In the records below, find the line holding "Light Aqua Blue" and the line holding "3 suítes, sala". Set down both, with every line between them, exactly.

→ Records for this exercise:
· · · ·
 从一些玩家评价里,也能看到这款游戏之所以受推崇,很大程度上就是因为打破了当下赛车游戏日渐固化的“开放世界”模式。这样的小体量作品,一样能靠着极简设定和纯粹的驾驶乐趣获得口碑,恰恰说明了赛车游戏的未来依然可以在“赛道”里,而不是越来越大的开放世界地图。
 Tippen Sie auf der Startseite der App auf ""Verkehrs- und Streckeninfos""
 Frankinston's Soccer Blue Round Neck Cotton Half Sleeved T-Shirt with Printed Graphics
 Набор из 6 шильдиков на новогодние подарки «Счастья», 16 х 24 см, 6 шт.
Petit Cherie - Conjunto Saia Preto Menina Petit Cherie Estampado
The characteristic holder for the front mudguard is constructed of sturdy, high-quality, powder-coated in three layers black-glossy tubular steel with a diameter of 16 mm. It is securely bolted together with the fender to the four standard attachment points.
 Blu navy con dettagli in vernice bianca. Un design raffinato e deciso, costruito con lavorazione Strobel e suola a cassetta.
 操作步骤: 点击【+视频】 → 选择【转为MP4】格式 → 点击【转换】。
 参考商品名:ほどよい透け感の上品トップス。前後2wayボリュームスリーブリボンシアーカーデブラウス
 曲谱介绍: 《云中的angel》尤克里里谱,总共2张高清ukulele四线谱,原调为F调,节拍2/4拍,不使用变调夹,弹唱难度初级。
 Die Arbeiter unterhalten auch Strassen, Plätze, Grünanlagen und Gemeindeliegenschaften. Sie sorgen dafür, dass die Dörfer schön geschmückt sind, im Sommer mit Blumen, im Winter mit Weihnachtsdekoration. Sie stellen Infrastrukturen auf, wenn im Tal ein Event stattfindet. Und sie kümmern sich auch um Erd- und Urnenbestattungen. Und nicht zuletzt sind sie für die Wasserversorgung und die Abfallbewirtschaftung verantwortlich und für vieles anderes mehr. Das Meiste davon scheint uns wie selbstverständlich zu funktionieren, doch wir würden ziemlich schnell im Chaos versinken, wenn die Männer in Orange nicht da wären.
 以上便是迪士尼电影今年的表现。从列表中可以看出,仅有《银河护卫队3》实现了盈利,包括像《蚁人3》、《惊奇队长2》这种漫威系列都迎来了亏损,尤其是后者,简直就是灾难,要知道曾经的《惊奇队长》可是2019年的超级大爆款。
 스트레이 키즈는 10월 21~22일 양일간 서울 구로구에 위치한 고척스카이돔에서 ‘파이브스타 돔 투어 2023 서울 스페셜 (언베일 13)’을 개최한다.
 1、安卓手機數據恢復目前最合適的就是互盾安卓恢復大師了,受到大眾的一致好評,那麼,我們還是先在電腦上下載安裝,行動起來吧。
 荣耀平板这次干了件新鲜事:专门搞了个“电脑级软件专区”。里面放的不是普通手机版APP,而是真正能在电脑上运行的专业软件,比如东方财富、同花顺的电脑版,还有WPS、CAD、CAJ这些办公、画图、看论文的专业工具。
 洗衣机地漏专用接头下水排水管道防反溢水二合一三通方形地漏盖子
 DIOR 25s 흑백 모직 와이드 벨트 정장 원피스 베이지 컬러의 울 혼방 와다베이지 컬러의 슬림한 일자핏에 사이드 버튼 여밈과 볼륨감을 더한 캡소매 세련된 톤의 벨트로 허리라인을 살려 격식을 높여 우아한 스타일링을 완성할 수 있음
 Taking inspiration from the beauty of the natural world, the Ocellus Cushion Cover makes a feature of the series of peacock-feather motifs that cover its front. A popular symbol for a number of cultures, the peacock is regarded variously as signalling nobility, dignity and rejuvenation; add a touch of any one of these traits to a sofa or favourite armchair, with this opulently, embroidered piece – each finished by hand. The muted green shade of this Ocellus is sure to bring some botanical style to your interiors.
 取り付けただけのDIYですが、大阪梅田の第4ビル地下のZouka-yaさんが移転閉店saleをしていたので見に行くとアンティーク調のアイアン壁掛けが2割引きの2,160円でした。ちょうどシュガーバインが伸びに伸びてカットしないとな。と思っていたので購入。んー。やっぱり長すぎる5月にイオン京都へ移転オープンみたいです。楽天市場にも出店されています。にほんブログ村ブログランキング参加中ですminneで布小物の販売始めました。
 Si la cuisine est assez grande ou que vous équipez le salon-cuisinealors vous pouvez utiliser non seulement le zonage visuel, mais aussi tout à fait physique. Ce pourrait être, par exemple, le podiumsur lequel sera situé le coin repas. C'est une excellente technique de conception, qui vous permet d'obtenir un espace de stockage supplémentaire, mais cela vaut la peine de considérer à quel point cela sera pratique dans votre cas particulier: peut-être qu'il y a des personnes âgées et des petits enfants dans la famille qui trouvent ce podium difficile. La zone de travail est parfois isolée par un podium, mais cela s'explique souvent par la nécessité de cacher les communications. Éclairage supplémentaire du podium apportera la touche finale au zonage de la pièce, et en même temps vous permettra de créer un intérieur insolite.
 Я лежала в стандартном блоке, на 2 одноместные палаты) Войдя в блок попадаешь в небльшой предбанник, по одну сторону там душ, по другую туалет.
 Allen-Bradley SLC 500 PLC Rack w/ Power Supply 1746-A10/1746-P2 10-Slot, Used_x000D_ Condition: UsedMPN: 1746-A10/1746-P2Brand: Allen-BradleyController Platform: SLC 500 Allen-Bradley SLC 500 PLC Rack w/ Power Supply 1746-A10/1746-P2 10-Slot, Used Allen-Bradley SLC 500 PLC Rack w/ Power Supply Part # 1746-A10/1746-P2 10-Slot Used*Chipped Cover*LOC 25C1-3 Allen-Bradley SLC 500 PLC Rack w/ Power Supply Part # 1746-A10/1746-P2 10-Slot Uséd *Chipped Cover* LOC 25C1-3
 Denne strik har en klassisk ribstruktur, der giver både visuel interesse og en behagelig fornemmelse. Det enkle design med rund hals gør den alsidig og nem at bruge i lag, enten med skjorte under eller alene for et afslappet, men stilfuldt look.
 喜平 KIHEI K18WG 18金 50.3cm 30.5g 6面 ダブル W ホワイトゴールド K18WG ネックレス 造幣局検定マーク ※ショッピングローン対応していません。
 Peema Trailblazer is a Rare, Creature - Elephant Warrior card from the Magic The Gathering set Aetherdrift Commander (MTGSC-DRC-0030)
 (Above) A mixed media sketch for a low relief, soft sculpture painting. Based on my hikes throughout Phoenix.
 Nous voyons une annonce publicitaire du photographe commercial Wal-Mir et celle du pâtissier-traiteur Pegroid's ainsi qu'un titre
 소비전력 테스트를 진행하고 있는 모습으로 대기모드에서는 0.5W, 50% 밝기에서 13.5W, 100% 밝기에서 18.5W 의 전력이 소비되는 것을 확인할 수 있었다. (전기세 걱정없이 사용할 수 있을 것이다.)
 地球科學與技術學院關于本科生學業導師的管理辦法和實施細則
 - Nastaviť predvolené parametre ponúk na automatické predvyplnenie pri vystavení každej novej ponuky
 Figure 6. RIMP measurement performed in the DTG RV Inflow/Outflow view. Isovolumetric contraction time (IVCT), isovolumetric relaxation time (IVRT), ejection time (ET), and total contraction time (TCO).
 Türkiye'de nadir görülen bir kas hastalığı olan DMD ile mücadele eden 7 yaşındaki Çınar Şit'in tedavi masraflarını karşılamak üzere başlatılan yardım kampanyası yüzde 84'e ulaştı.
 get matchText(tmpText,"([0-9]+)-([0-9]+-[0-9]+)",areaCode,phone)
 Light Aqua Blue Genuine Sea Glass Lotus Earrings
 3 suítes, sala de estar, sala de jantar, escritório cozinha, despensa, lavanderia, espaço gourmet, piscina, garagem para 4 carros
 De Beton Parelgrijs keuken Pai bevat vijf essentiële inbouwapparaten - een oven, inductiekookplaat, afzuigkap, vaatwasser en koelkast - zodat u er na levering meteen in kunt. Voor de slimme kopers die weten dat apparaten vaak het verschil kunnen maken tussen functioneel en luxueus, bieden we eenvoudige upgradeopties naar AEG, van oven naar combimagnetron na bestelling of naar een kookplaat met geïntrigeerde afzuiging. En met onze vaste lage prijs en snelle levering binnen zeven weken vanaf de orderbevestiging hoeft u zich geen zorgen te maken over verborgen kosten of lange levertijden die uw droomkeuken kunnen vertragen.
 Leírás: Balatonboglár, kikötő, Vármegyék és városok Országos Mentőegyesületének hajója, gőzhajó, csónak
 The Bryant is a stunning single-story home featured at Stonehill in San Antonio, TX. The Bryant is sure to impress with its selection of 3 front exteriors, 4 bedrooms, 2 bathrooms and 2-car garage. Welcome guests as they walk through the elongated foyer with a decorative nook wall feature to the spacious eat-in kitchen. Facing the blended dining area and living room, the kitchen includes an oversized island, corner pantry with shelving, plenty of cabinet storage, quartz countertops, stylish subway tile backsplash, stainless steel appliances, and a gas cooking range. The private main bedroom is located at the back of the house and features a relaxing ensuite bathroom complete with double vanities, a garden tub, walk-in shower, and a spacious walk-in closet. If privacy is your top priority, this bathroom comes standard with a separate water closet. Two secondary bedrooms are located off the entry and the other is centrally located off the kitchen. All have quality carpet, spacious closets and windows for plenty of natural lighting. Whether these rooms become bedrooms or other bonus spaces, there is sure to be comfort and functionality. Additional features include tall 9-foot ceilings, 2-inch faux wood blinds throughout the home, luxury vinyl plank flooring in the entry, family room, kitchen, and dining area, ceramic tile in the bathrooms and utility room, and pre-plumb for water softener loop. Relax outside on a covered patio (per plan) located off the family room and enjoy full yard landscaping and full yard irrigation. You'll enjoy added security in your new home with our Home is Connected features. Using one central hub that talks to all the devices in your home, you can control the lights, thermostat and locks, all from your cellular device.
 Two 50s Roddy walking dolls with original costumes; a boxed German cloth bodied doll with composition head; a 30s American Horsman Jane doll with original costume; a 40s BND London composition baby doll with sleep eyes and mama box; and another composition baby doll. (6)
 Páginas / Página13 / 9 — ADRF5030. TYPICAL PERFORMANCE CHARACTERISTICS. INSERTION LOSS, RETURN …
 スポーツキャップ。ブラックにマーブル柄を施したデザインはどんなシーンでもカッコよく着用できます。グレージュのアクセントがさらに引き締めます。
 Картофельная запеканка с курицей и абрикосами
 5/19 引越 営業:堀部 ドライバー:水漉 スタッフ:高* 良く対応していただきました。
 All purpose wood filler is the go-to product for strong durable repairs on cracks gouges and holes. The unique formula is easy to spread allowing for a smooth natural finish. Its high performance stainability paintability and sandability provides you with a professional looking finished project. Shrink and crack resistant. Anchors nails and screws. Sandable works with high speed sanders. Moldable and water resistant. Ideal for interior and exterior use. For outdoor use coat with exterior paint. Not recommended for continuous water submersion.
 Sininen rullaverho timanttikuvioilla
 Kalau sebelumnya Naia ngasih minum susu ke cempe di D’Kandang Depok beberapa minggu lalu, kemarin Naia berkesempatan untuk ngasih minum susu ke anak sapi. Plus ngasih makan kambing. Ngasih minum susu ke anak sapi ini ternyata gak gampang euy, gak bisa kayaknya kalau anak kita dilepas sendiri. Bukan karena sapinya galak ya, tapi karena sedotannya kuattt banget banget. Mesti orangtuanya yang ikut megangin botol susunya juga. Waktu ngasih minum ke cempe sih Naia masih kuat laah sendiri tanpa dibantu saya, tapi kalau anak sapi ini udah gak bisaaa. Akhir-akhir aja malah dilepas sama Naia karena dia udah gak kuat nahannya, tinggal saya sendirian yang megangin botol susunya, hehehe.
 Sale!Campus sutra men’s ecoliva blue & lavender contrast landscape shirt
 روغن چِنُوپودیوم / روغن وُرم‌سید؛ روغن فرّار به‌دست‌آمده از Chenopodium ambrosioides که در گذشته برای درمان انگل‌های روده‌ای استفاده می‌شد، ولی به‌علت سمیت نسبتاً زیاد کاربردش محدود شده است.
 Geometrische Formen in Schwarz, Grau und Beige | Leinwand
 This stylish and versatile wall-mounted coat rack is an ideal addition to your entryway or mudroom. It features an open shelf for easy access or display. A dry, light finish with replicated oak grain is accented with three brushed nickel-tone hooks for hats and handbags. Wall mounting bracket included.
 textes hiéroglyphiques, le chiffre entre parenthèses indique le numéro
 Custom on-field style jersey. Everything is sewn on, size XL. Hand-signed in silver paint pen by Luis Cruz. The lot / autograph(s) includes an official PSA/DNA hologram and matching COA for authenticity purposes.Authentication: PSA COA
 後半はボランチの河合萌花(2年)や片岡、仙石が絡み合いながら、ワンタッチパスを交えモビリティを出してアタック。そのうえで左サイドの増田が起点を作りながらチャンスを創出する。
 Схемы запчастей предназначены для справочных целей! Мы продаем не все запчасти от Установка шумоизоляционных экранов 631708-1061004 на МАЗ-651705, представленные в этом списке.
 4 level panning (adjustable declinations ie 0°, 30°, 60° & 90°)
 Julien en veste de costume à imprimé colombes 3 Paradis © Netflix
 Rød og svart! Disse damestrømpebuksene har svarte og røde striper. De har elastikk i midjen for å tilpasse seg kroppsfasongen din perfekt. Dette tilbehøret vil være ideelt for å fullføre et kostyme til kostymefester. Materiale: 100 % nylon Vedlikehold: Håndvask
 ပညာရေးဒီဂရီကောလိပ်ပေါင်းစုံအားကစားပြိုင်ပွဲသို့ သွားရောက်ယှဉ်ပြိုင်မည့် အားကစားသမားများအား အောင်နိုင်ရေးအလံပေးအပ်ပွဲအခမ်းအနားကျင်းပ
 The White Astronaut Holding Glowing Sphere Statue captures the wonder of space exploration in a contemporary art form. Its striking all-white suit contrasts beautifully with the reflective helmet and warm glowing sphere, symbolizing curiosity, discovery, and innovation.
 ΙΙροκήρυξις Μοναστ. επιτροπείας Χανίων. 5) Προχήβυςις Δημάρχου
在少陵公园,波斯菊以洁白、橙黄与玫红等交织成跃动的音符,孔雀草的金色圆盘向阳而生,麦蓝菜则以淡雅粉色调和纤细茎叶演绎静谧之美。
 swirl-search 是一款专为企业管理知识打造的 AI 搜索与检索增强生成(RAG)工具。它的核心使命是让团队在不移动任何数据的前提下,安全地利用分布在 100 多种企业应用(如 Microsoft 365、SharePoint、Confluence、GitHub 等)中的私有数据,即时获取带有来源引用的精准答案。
· · · ·
→ Task response:
 Light Aqua Blue Genuine Sea Glass Lotus Earrings
 3 suítes, sala de estar, sala de jantar, escritório cozinha, despensa, lavanderia, espaço gourmet, piscina, garagem para 4 carros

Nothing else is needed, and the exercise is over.